Hierarchy of Nuclear Regulatory Requirements

September 2, 2014 | 6:00 am
Dave Lochbaum
Former Contributor

Nuclear Energy Activist Toolkit #37

NEAT #14 covered the NRC’s regulations and associated guidance documents. NEAT #5 covered the technical specifications, an appendix to the operating license issued by the NRC for each reactor. NEAT #37 explains the relationship between the regulatory requirements in these, and other, sources.

At the top of the hierarchy are laws passed by the US Congress and signed by the president. For example, the Atomic Energy Act of 1954 and the Energy Reorganization Act of 1974 created the NRC and empowered it to promulgate regulations in order to implement its safety mandate.

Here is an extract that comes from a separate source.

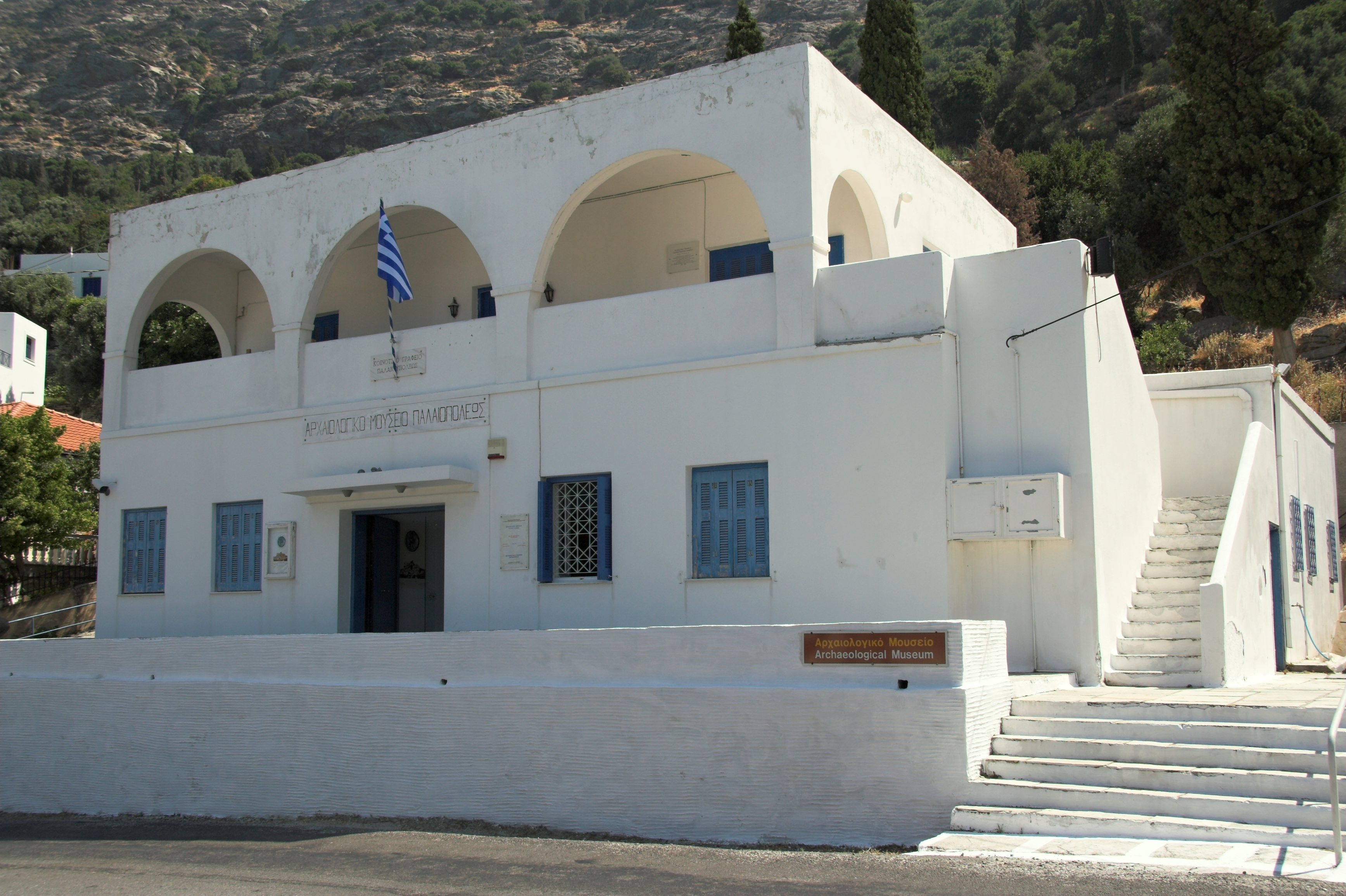 Building of the Archaeological Museum in Paleopolis on Andros. Archaeological Collection of Palaiopolis. More precisely: Archaeological Collection of Palaiopolis.

Using the authority given it by these laws, the NRC developed regulations covering the licensing, operation, and decommissioning of nuclear power reactors. In doing so, the NRC could neither exceed the authorities conferred by these laws nor develop regulations that conflicted with other federal laws (such as the Administrative Procedures Act and Government in the Sunshine Act.) The NRC’s regulations include the licensing of existing reactors and the licensing of new reactors.

Nuclear plant owners submitted Final Safety Analysis Reports and prospective technical specifications to the NRC for review and, hopefully, approval with the operating license. The former described plant design features and associated safety studies showing how the plants would comply with the NRC’s regulations. The latter established the ground rules for keeping the plant within the boundaries of NRC reviewed and approved safety studies.

Similar to how the NRC could develop regulations only within the bounds established by its enabling laws and other applicable laws, plant owners developed Final Safety Analysis Reports and technical specifications within the bounds established by the NRC’s regulations. An exception allowed plant owners to ask for a waiver or exemption from an NRC regulation. If the NRC reviewed the justification accompanying the request and determined that safety margins were not unduly compromised, it allowed the departure.

Workers at each nuclear plant develop hundreds of procedures for the operation, testing, and maintenance of systems and equipment. The review and approval process for these procedures seeks to ensure that the activities will satisfy all applicable regulatory requirements.  In other words, there must be fidelity between procedures, NRC’s regulatory requirements, and governing laws. (There’s a direct link in that NRC’s regulations require that workers use formal procedures when operating, testing, and maintaining safety systems.)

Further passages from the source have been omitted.